• Provided entries
•••
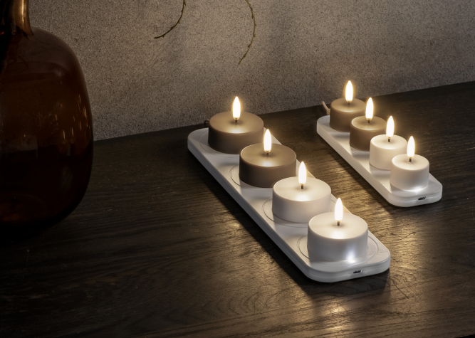 På denne ladestasjonen kan du lade telysene, maxilysene og kubbelysene fra Uyuni.
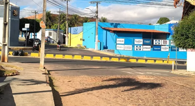 Cruzamento da Avenida Castelo Branco com a Rua Professora Ivany Feitosa foi fechado em Juazeiro. (Foto: Reprodução)
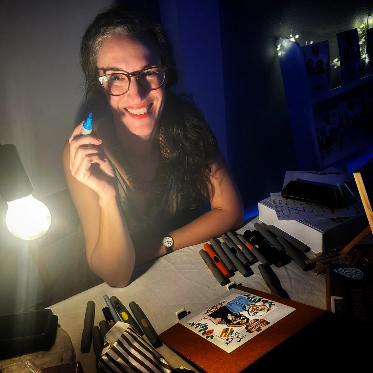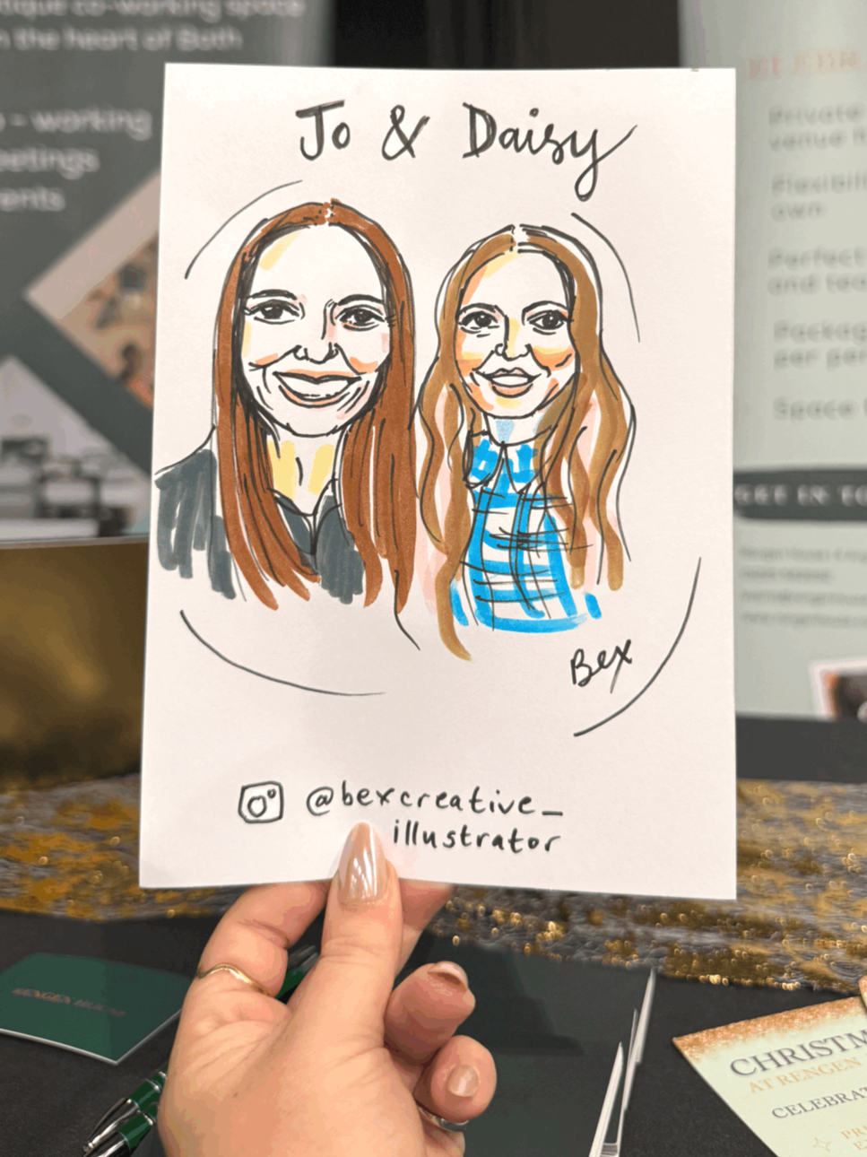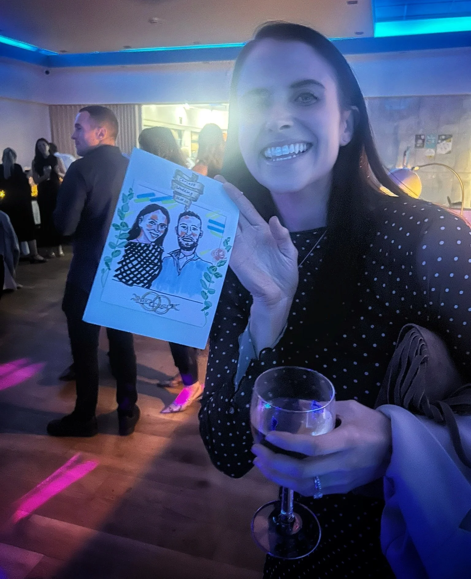 I’ll capture your event with beautiful, hand-illustrated colour portraits. I’ll photograph your guests and then draw them. I’m happy to draw while people watch, but this give them the option of returning to the party if they don’t want to wait. I display the portraits so people can pop back whenever they like and collect them. My average output is five portraits per hour.
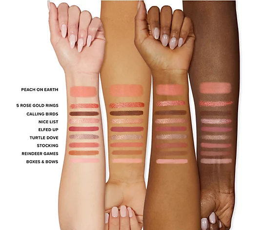 - Палетка для лица и глаз Peacock с оттенками Boxes and Bows, Reindeer Games, Stocking, Turtle Dove, Elfed Up, Nice List, Calling Birds, 5 Gold Rings и Peach on Earth shades
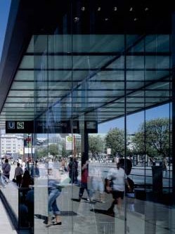 Beide Zugangsbauten bestehen konstruktiv aus rechteckigen, geschweißten Hohlkastenträgern, deren U-Form die Brückenanmutung erzeugt. An diese Stahlbügel sind horizontale Zwischenträger angebracht, die die gläsernen, jeweils oben und unten beziehungsweise innen und außen angebrachten Dach- und Rückwandverkleidungen halten. Diese mit einem abstrakten Tropfenmotiv bedruckten Glasscheiben korrespondieren mit der Glasoberfläche eines ebenfalls von Poitiers entworfenen Restaurantpavillons auf der anderen Straßenseite. Es sind diese durchscheinenden Glasflächen, die einen Großteil des Reizes der Bahnhofseingänge ausmachen: Sie tauchen den halboffenen Innenraum in ein diffuses, blaugrünes Licht mit weichen Schatten; der Bahnhofszugang wird wunderbar als ein indifferentes Niemandsland zwischen Unterwelt und Himmelreich inszeniert. Man befindet sich gleichsam in einer »twilight zone«, einem Zwischenreich, wo das Licht in Schatten übergeht, der offene in den geschlossenen Raum. Auch die in dem Hohlraum zwischen den Scheiben verborgene Beleuchtung streut weich und unterstreicht den nicht fassbaren Charakter des Raumes.
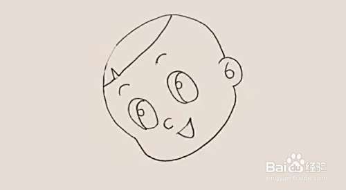 给大头儿子画上头发和眉毛,注意头发有个缺口。
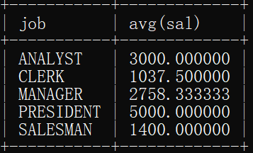 group by 컬럼명, 직업을 그룹화하여  평균 연봉을 출력
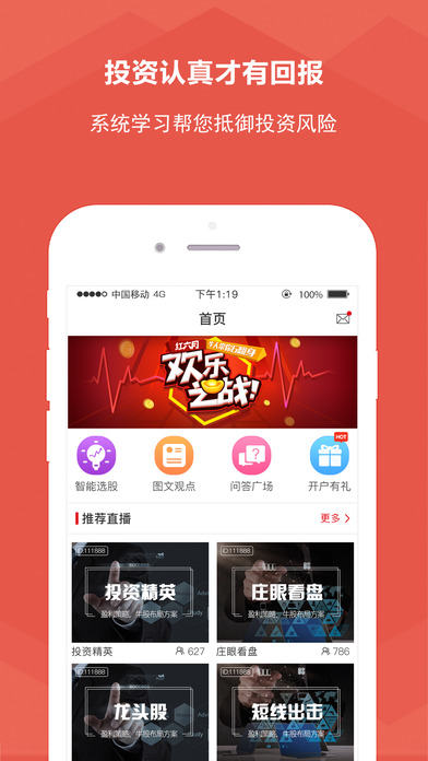 呱呱股票—免费的财经股票直播平台 平台入驻全国知名的财经牛人、大V、股票高手,累计服务数百万用户,7X24小时,不间断在线视频直播,每日解读股市大盘走势,与用户保持全面深入的交流。看视频直播,抓涨停牛股-就上呱呱股票! 在呱呱股票,你可以 【看视频、学炒股】 高清视频流,极致的视频体验。视频教学,一学就会。跟着牛人,学习股票、理财、投资、财经的基础知识,逐步掌握炒股技巧。 【围观牛人炒股】 3000+视频直播间牛人实时在线视频直播;1000+牛人图文直播,7X24小时不间断生产海量干货课程。技术分析、基本面分析、价值投资,助您找准适合自己的投资方式。 【牛人在线 有问必答】 全平台讲师在线答疑,个股、行业、盘面,随时问,随时答。 【随时接收牛人观点】 关注牛人后,牛人发布的每条观点都能实时收到,不错过每一个重要的投资时刻! 对于产品有任何疑问或建议,请联系我们: 客服QQ:158777852或158777856 客服电话:010-57835800-6878 客服邮箱:shufeng@17guagua.com Guagua stock - free financial stock live platform Platform settled in the national well-known financial genius, big V, stock master, the cumulative service of millions of users, 7X24 hours, uninterrupted online video broadcast, daily interpretation of the stock market trend, and keeping a comprehensive and in-depth exchanges with uses. Watching live video, grab the daily limit of Niugu - on the Guagua stock! In the Guagua stocks, you can [See video, learn investing in stocks] High-definition video streaming, the ultimate video experience, Video teaching in which users can learn as fast as they can. You also can follow the stock masters to learn stocks, financial management, investment, financial basic knowledge, and gradually grasp the stock tips. [ watch how stocks master invest in stocks] 3000 + masters show how to invest in stocks.1000 + masters give text lives, 7X24 hours of continuous production of massive serious good courses. Using Technical analysis, fundamentals analysis, value investment help you identify their own investment. [answer all the questions immediately] Full platform lecturer online Q & A, stocks, industry, disk, at any time. [accept masters’ view at any time] When you concerned about the master, the master will release every view and you can receive those views in real time so that you will not miss every important investment moment! If you have any questions or suggestions on the product, please contact us: Customer Service QQ: 158777852 or 158777856 Customer Service Tel: 010-57835800-6878 Customer Service E-mail: shufeng@17guagua.com
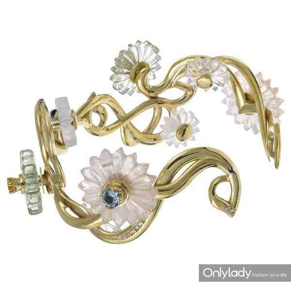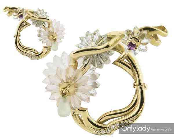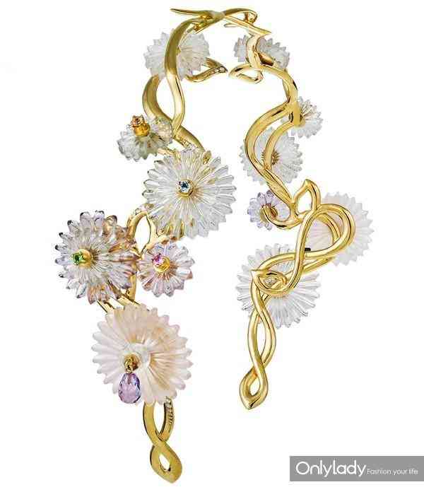 完整的Summer Snow系列由頭飾、手鐲、戒指、胸針、耳環(huán)組成,設(shè)計師為每一朵菊花都作了特別的色彩搭配,例如以紫晶、綠水晶疊合而成的花瓣搭配綠色碧璽花蕊,或是在花芯部分鑲嵌水滴形玉髓,搭配粉晶花瓣。
•••
• Work instruction
Your copy should match the listing exactly, apart from the pictures it leaves out.

• Your solution
 På denne ladestasjonen kan du lade telysene, maxilysene og kubbelysene fra Uyuni.
 Cruzamento da Avenida Castelo Branco com a Rua Professora Ivany Feitosa foi fechado em Juazeiro. (Foto: Reprodução)
 I’ll capture your event with beautiful, hand-illustrated colour portraits. I’ll photograph your guests and then draw them. I’m happy to draw while people watch, but this give them the option of returning to the party if they don’t want to wait. I display the portraits so people can pop back whenever they like and collect them. My average output is five portraits per hour.
 - Палетка для лица и глаз Peacock с оттенками Boxes and Bows, Reindeer Games, Stocking, Turtle Dove, Elfed Up, Nice List, Calling Birds, 5 Gold Rings и Peach on Earth shades
 Beide Zugangsbauten bestehen konstruktiv aus rechteckigen, geschweißten Hohlkastenträgern, deren U-Form die Brückenanmutung erzeugt. An diese Stahlbügel sind horizontale Zwischenträger angebracht, die die gläsernen, jeweils oben und unten beziehungsweise innen und außen angebrachten Dach- und Rückwandverkleidungen halten. Diese mit einem abstrakten Tropfenmotiv bedruckten Glasscheiben korrespondieren mit der Glasoberfläche eines ebenfalls von Poitiers entworfenen Restaurantpavillons auf der anderen Straßenseite. Es sind diese durchscheinenden Glasflächen, die einen Großteil des Reizes der Bahnhofseingänge ausmachen: Sie tauchen den halboffenen Innenraum in ein diffuses, blaugrünes Licht mit weichen Schatten; der Bahnhofszugang wird wunderbar als ein indifferentes Niemandsland zwischen Unterwelt und Himmelreich inszeniert. Man befindet sich gleichsam in einer »twilight zone«, einem Zwischenreich, wo das Licht in Schatten übergeht, der offene in den geschlossenen Raum. Auch die in dem Hohlraum zwischen den Scheiben verborgene Beleuchtung streut weich und unterstreicht den nicht fassbaren Charakter des Raumes.
 给大头儿子画上头发和眉毛,注意头发有个缺口。
 group by 컬럼명, 직업을 그룹화하여  평균 연봉을 출력
 呱呱股票—免费的财经股票直播平台 平台入驻全国知名的财经牛人、大V、股票高手,累计服务数百万用户,7X24小时,不间断在线视频直播,每日解读股市大盘走势,与用户保持全面深入的交流。看视频直播,抓涨停牛股-就上呱呱股票! 在呱呱股票,你可以 【看视频、学炒股】 高清视频流,极致的视频体验。视频教学,一学就会。跟着牛人,学习股票、理财、投资、财经的基础知识,逐步掌握炒股技巧。 【围观牛人炒股】 3000+视频直播间牛人实时在线视频直播;1000+牛人图文直播,7X24小时不间断生产海量干货课程。技术分析、基本面分析、价值投资,助您找准适合自己的投资方式。 【牛人在线 有问必答】 全平台讲师在线答疑,个股、行业、盘面,随时问,随时答。 【随时接收牛人观点】 关注牛人后,牛人发布的每条观点都能实时收到,不错过每一个重要的投资时刻! 对于产品有任何疑问或建议,请联系我们: 客服QQ:158777852或158777856 客服电话:010-57835800-6878 客服邮箱:shufeng@17guagua.com Guagua stock - free financial stock live platform Platform settled in the national well-known financial genius, big V, stock master, the cumulative service of millions of users, 7X24 hours, uninterrupted online video broadcast, daily interpretation of the stock market trend, and keeping a comprehensive and in-depth exchanges with uses. Watching live video, grab the daily limit of Niugu - on the Guagua stock! In the Guagua stocks, you can [See video, learn investing in stocks] High-definition video streaming, the ultimate video experience, Video teaching in which users can learn as fast as they can. You also can follow the stock masters to learn stocks, financial management, investment, financial basic knowledge, and gradually grasp the stock tips. [ watch how stocks master invest in stocks] 3000 + masters show how to invest in stocks.1000 + masters give text lives, 7X24 hours of continuous production of massive serious good courses. Using Technical analysis, fundamentals analysis, value investment help you identify their own investment. [answer all the questions immediately] Full platform lecturer online Q & A, stocks, industry, disk, at any time. [accept masters’ view at any time] When you concerned about the master, the master will release every view and you can receive those views in real time so that you will not miss every important investment moment! If you have any questions or suggestions on the product, please contact us: Customer Service QQ: 158777852 or 158777856 Customer Service Tel: 010-57835800-6878 Customer Service E-mail: shufeng@17guagua.com
 完整的Summer Snow系列由頭飾、手鐲、戒指、胸針、耳環(huán)組成,設(shè)計師為每一朵菊花都作了特別的色彩搭配,例如以紫晶、綠水晶疊合而成的花瓣搭配綠色碧璽花蕊,或是在花芯部分鑲嵌水滴形玉髓,搭配粉晶花瓣。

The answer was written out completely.